Elegi Ibu Pertiwi - Jun Noenggara
Piring-piring nasi gelas-gelas kopi masih bersih di lemari. Pagi ini langit muram sekali. Tak ada senyuman mentari di bibir ibu Pertiwi
Di kamar mandi ada yang bersenandung sedih sekali. Di halaman rumah bunga-bunga layu tak lagi berseri. Dan burung-burungpun seperti sedang sakit gigi, tak lagi riang bernyanyi
Di tengah ruangan dihidangkan aneka berita televisi dari yang sudah basi hingga yang masih hangat sekali tentang duka negeri ini yang dilanda bencana tak henti-henti, di sana-sini
Di mana-mana pohon-pohon ditebangi, kayu-kayunya dicuri dan dijual ke luar negeri. Dan ketika musim berganti kita tak dapat lagi berlari menghindar dari terjangan bah tragedi
Sungai-sungai dicemari. Ikan-ikannya pada mati dan tak lagi dapat dikonsumsi. Dan kita mandi berlumur mercury
Di Bandung. Di Padang. Di Galuga dan di seluruh pelosok negeri orang-orang pada mati terkubur gunungan sampah buangannya sendiri. Ratusan ribu anak ibu Pertiwi direnggut nyawanya ketika laut mengamuk ganas sekali. Menjulurkan lidahnya hingga jauh ke ujung barat bumi. Mereka mati diterkam tsunami. Mereka mati di serambi rumah Ilahi. Di serambi rumah PertiwiÂ
Dan lumpur lapindo belum mau berhenti menyemburkan nanah dari lukanya yang amat dalam di hati. Habis disetubuhi beramai-ramai dengan kejam sekali
Jangan salahkan kami, kilahnya.

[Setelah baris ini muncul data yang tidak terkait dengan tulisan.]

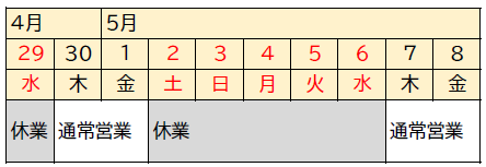 ゴールデンウィーク期間中の弊社サポートセンターの営業日と休業日は以下の通りです。
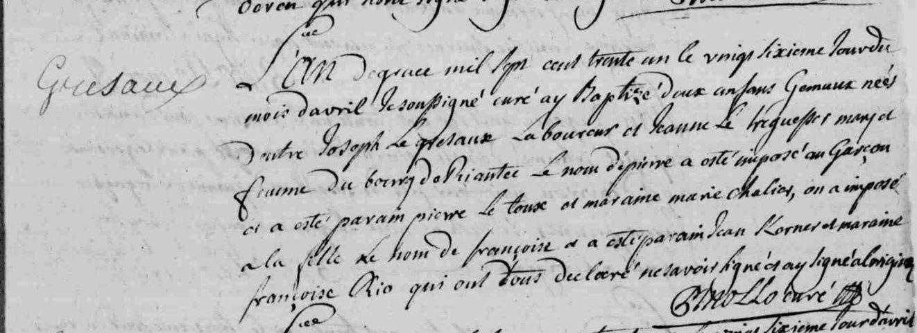 | Baptême GRESAUX (LE) Pierre - 1731 - Riantec |

Mereka sibuk berargumentasi. Tak lagi acuh pada janji-janji
Dan kitapun terpaksa pergi menyisi. Berbondong-bondong sebagai pengungsi. Berkelahi demi sebungkus mie. Antri berebut minyak dan gas bumi, tabungan ibu Pertiwi yang hilang dan susah dicari
Ya Ilahi, betapa pilu hati ini. Wajah ibu Pertiwi yang dulu cantik sekali, jadi rebutan para koloni, kini hancur di tangan suami dan anak-anaknya sendiri!